Jack surveyed the scene, “see,” he said pointing,
“it was inevitable” and we crouched and sniffed.
There was nothing could be done. Police arrived
lights flashing. I snuck off to take a piss in the embankment. In the grass I
saw what appeared to be a hand reaching out and pointing limply. The moon was
dull. I stumbled back, feeling better, empty.

“Poor bastards,” she said and we all nodded, some
of us without nodding at all except with our eyes.


“I love you,” I said.
She was already asleep. I carried her inside and Dennis Rodman came up groggily to sniff at my pantleg. I set her in bed, tucked her in and drove home alone, not a little bit disappointed.

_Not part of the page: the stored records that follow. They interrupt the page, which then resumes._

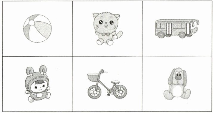 提示:圈出toy dog, toy bus, toy bike, doll, toy cat和ball。
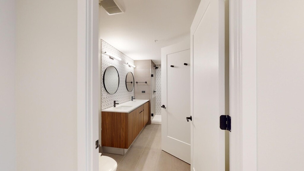 - Ducha con azulejos del suelo al techo
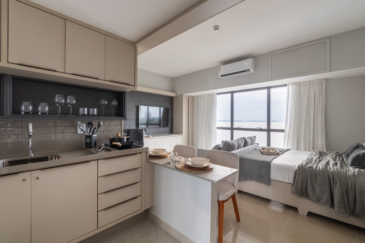 Flat Manaus Skyline Naše stanovanje združuje udobje doma v celotno hotelsko strukturo s 4 zvezdicami v osrčju Manausa ✔ Prostorna in elegantna suita v porcelanu ✔ Osupljiv razgled na most Rio Negro Izdan je ekskluzivni ✔ internet in pretočna televizija ✔ Kuhinja je opremljena z Nespressom, cvrtnikom, hladilnikom ter pralnim in sušilnim strojem ✔ Enxovalna postelja, kopalnica in posoda 🎯 Diferencial Bazen s 360-stopinjskim razgledom, opremljena telovadnica, savna, restavracija, 24-urna recepcija, garaža in trgovina.
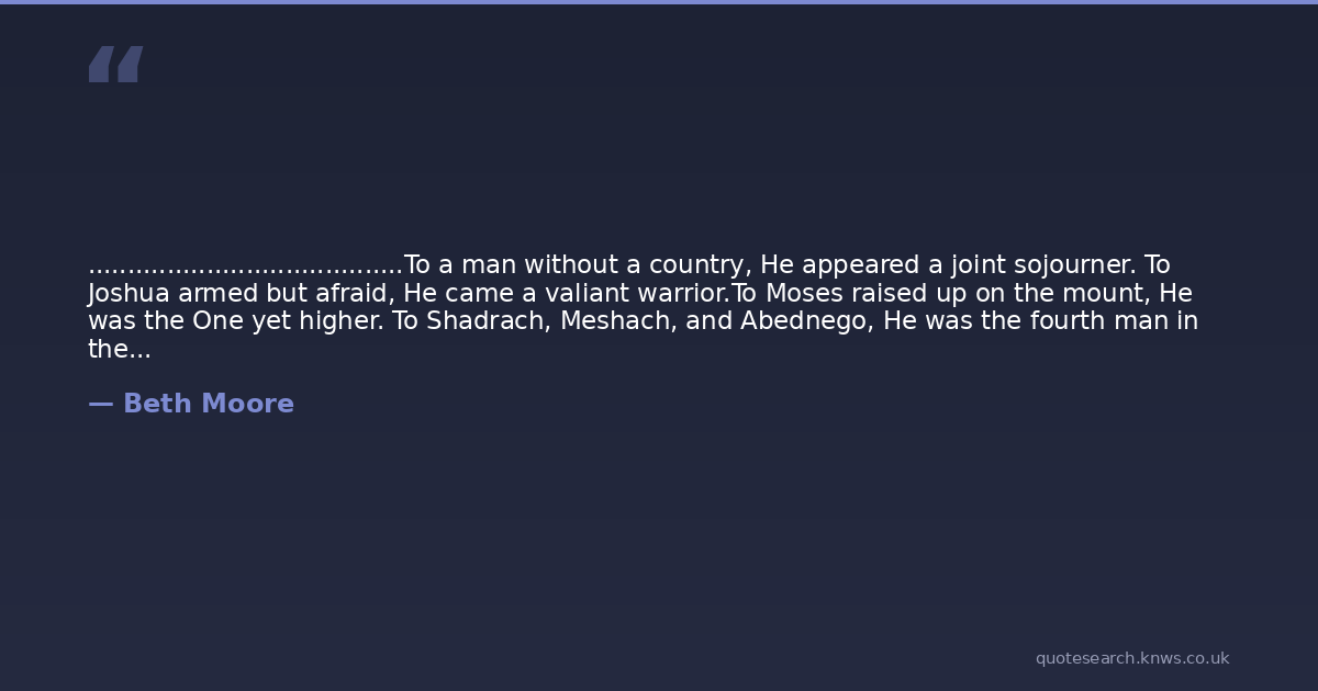 ........................................To a man without a country, He appeared a joint sojourner. To Joshua armed but afraid, He came a valiant warrior.To Moses raised up on the mount, He was the One yet higher. To Shadrach, Meshach, and Abednego, He was the fourth man in the fire.To Elijah who stood as one for God, he was never less alone. For Noah's faithful family, He made an ark their home. To Ezekiel He appeared to be the light cast over the dark. To King David running from the throne, He was the true Monarch. To Daniel at the bite of death, He was the lock upon their jaws. To King Solomon who'd had it all, He was the only worthy cause. To a sinking fisherman, He was life upon the water. To a grieving Jairus, He was life unto his daughter.To a woman at the well, He was complete acceptance. To a doubting Thomas, He was the proof for his reluctance. To a dozen throwbacks from the world, He unleashed His awesome power. From a greedy grave of several days burst forth his finest hour.........................................
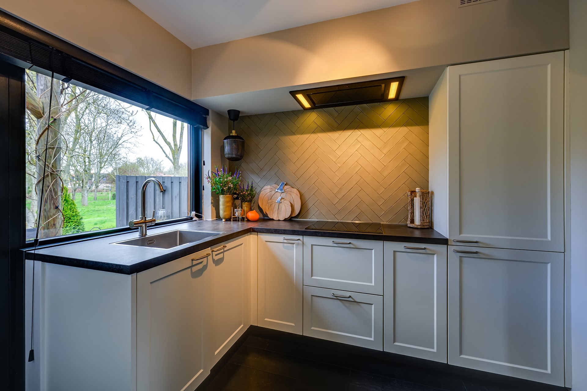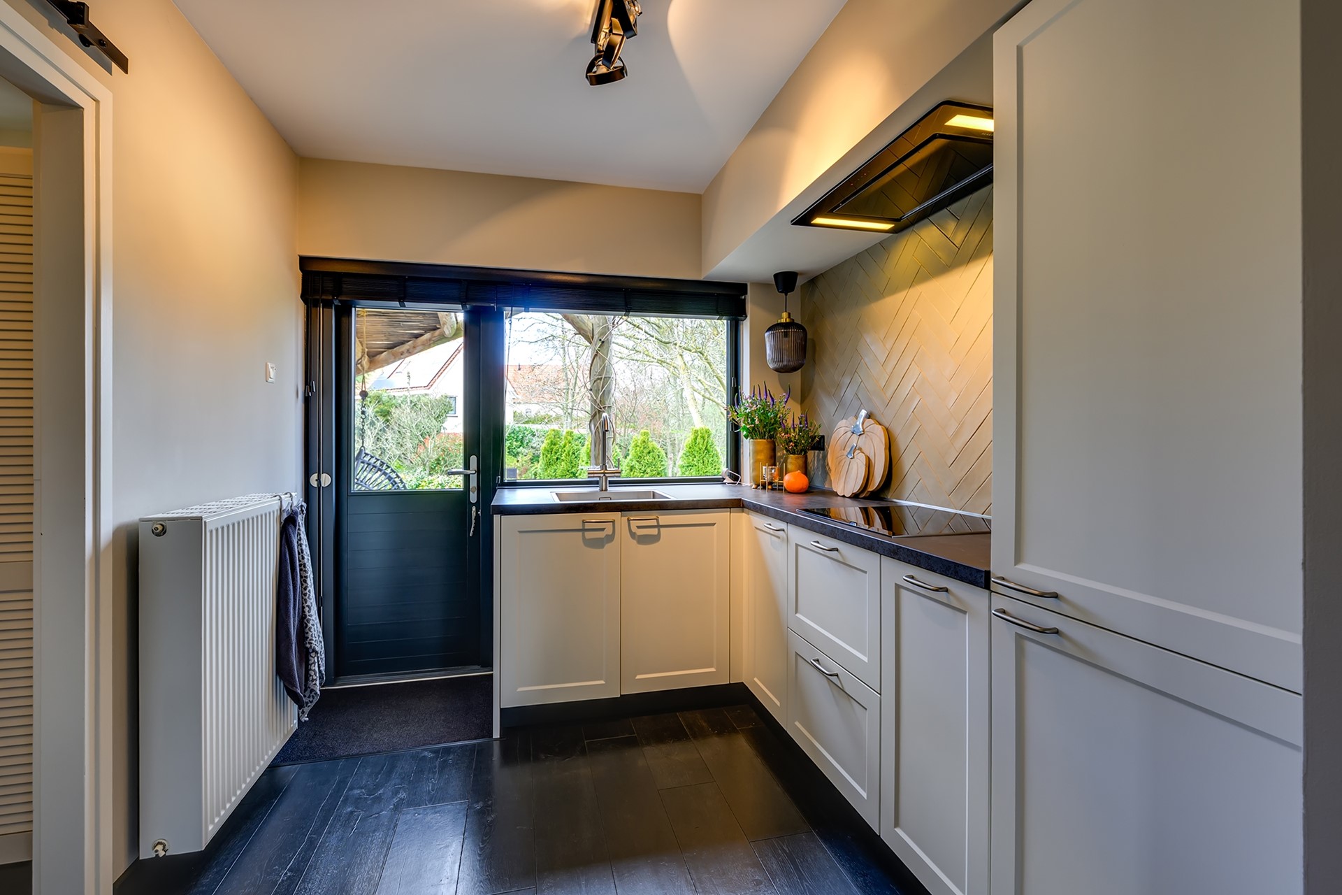 De woonkamer is uitgebouwd en heerlijk licht, met een fijne indeling en een sfeervolle houtkachel als echte eyecatcher. Vanuit hier heb je een mooi zicht op de groene omgeving en stap je zo naar buiten via de openslaande deuren naar de tuin. De open keuken met bijkeuken zorgen voor een speelse en praktische indeling. De keuken is opgesteld in een L-vorm en voorzien van alle benodigde inbouwapparatuur. Aansluitend is er de bijkeuken, hier is de vaatwasser, extra bergruimte en zijn de witgoed aansluitingen.

In the morning she would be gone. Alone, again I sat down to write the story of our summer together and realized that nothing really had happened. Time passes differently for different people. I was asleep. I woke up. The door opened. My grandfather returned from his summer hiking. He brought in the mail and left. I was alone. I got a letter from my college friend Tim, his father was dying. A month later, his father was dead. I was going to Texas.